Confucianism, in contrast, is much more “this-worldly.” Confucius was most concerned to regulate relationships within the family and society. He was by no means an atheist, revering “heaven" (Tian) and the ancient Chinese religion handed down by the kings of Zhou. However, his focus was on how to create a harmonious society in the chaotic times when China disintegrated into many warring states. For more than a thousand years later, during the Song dynasty, Confucianism took an even more humanistic route. At first sight, Confucianism seems much more conducive to scientific enquiry than either Buddhism or Daoism, but certain of its teachings and attitudes also impeded the development of the scientific method.
First, Confucianism harked back to a mythical "golden age" of the Sage Kings. This ultimately led to a deadening and ossified conservatism which reached the height of its decadence, sadly just when the Western powers came knocking on China’s door in the 19th century. A civil service which had passed exams in the “bagu” (eight-part essay) was trained to disdain all innovation and was mired in stereotyped thinking. China was thus ill-prepared to learn from the West. If the failure of Zheng He’s voyages in mid-15th century Ming China marked the beginning of China’s decline, the squandering, by the Empress Dowager, of money earmarked for the modernization of China’s navy on the famous stone pleasure boat in the Summer Palace, at the close of the 19th century, symbolized the final, catastrophic failure of the Confucian Imperial order to come to terms with the modern, scientific world.

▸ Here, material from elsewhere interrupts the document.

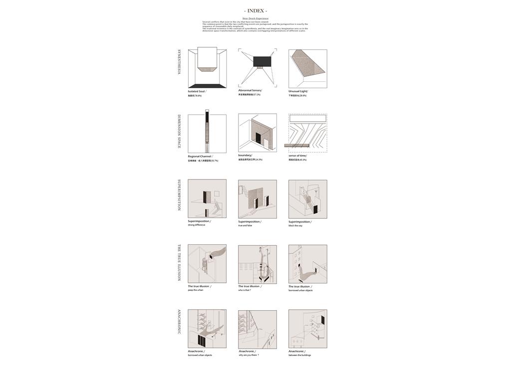 在瀕死者的陳述中談到,你將感受到的會顛覆你既定理解的任何觀念:「時間不是線性的。」或許是多重覆蓋,甚至拆解成元素;時間與時間重疊發生,進而組成時間。在建築中假設已理解的觀念:人、物、事件、空間被分離和錯置,建築的慣有組構被打破並在不同的軸線上被重組。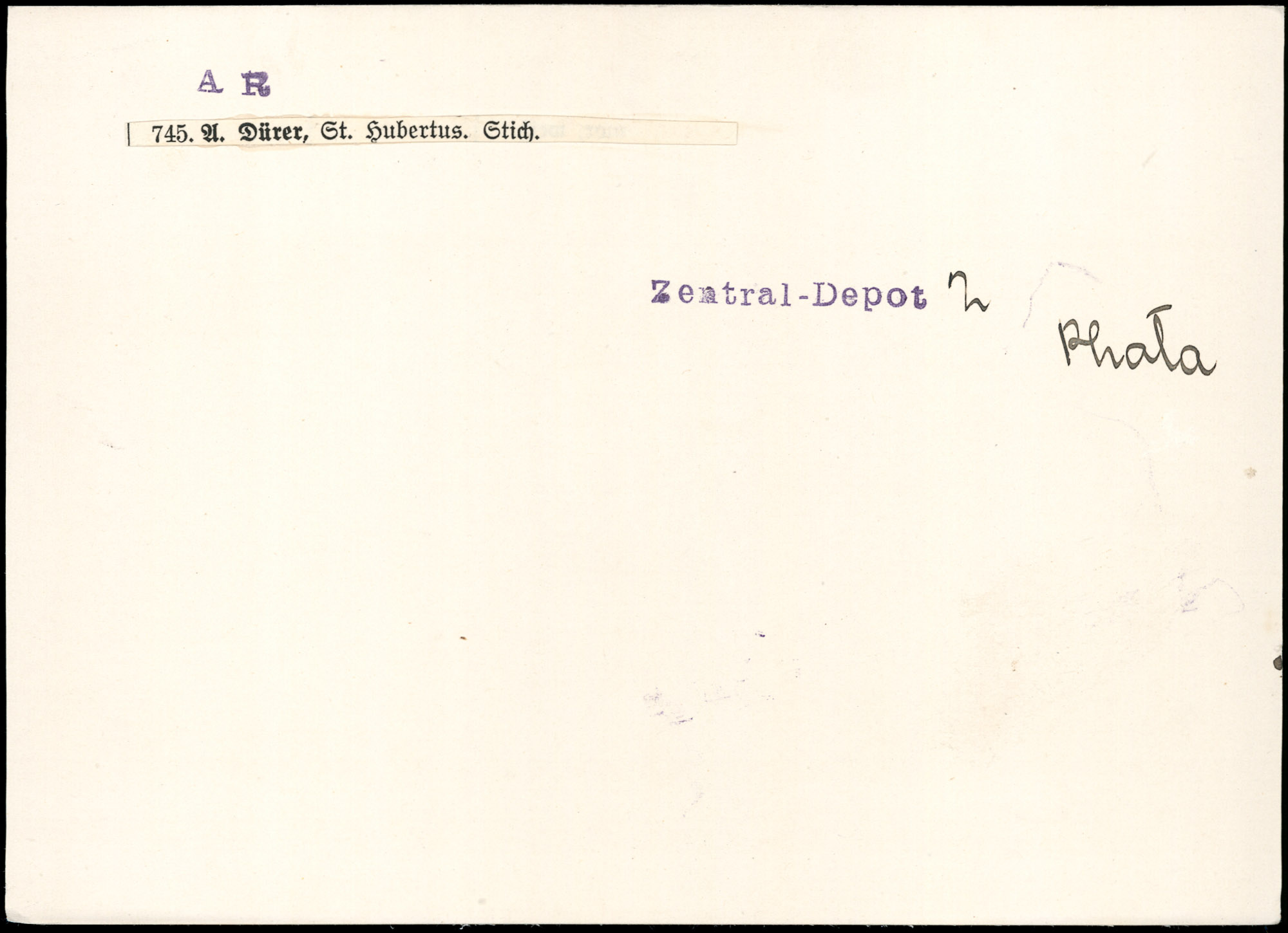 In der Sammlung von Alphonse Rothschild befanden sich, vor deren Beschlagnahmung im März 1938, Stiche von Albrecht Dürer, darunter die Pos. AR 745, „St. Hubertus“. Hans Posse teilte ihn dem Linzer Kunstmuseums zu (BDA-Archiv, K. 13, M. 2, Liste A/II, 13). Infolge der Auflösung des Zentraldepots gelangte der Stich im Juni 1941 in das Reichskunstdepot im Stift Kremsmünster (Kr. 552) und wurde von dort am 17. Jänner 1944 nach Altaussee (AA 1681) verbracht. Nach Kriegsende sollte der Stich, mit den übrigen Kunstwerken der Sammlung Alphonse Rothschild, nach München in den Central Collecting Point (CCP) gebracht und restituiert werden. Im März 1946 stellte das Bundesdenkmalamt (BDA) den Verlust von sieben Graphiken (AR 40, AR 41, AR, 313, AR 745, AR 761, AR 765, AR 879) – eine davon (AR 313) sollte später wiederaufgefunden werden – aus der Sammlung Rothschild aus dem Salzbergwerk Altaussee fest (BDA-Archiv, K. 53, M. 3, Zl. 5310/47, 10). 1947 wandte sich der Rechtsvertreter von Clarice Rothschild, Karl Trauttmansdorff, an die Restitution Division der amerikanischen Militärregierung bezüglich der verschwundenen Stiche aus der Sammlung Alphonse Rothschild, die beim BDA nachfragte (BDA-Archiv, K. 53, M. 3, Zl. 5310/47, 8). Die daraufhin eingeleiteten Ermittlungen des BDA ergaben, dass der Chemiker Max Eder die Stiche zuletzt am 15. Jänner 1945 gesehen hatte. Sie seien gerahmt gewesen, auf der Innenseite des Glases hätten sich Wassertropfen gebildet, weshalb die Graphiken durch den Gemälderestaurator Karl Sieber entrahmt und in Passepartouts gelegt worden seien. Karl Sieber erinnerte sich, den amerikanischen Offizieren im März 1946 alle Blätter gezeigt zu haben (BDA-Archiv, K. 22/3, M. 7/2, Aussage Karl Sieber). Die Rahmen wurden im Oktober 1947 restituiert (BDA-Archiv, K. 53/1, M. 4, Zl. 6038/47 und K. 53/1, M. 4a, Zl. 5905/47), die Stiche hingegen im Februar 1949 in eine „Fehlliste“ eingetragen (BDA-Archiv. K. 53/2, M. 4a). Noch 1968 waren die Stiche Gegenstand von Nachforschungen im BDA (BDA-Archiv, K. 53-1, M. 2, Memorandum, Beilage D).

Confucianism, while practical in some ways, also disdained the merchant classes and practical experimentation. Manual work was for the peasants, and banking and money-making were despised. The rise of the middle-classes, of mercantilism and of capitalism, which provided the economic support for first the Renaissance in Italy and then the rise of science in England, was severely retarded in China.(2) Hooykaas in his book points out the importance of the biblical teaching on work and on callings as sanctifying getting one’s fingers dirty in hard work and practical experimentation. This was anathema to refined Chinese scholars, no doubt adept at composing poetry and painting, but—with few exceptions—not experimenting in rice fields with water wheels or otherwise engaging in direct scientific observation and experimentation. But biblical attitudes on the ultimate meaningfulness of all human labor paved the way for the agricultural and industrial revolutions in England and Northern Europe as gentlemen farmers experimented with seeds and livestock in the fields, and, later, as their sons and grandsons built potteries, mines, ironworks and steam engines. Early Victorian England produced Brunel, the brilliant engineer and a host of other inventors and scientists. One cannot imagine late Qing China doing anything remotely similar. One world-view was dynamic, forward-looking, experimental and scientific. The other was conservative, traditional, backward-looking and superstitious.
Much more could be said about this important topic, and time permitting, I may return to it in more detail. Certainly, it is of great interest to many Chinese intellectuals as they candidly look at the failings in ancient and modern Chinese civilization and want to understand the roots of Western science and culture as well as seeking a firm, moral foundation for modern, 21st century China. Many of them are finding, as this author believes, that this quest takes them inescapably back to biblical Christianity.
NOTES
- Hooykaas’ book originally published by Eerdman’s and the Scottish Academic press in 1972 has been translated and published in Mainland China. It is a very useful book to give to Chinese scholars who are scientists.
- But not altogether. China invented paper money, and later the Shanxi bankers were famous in setting up their network in many places. But we are looking at the broad picture.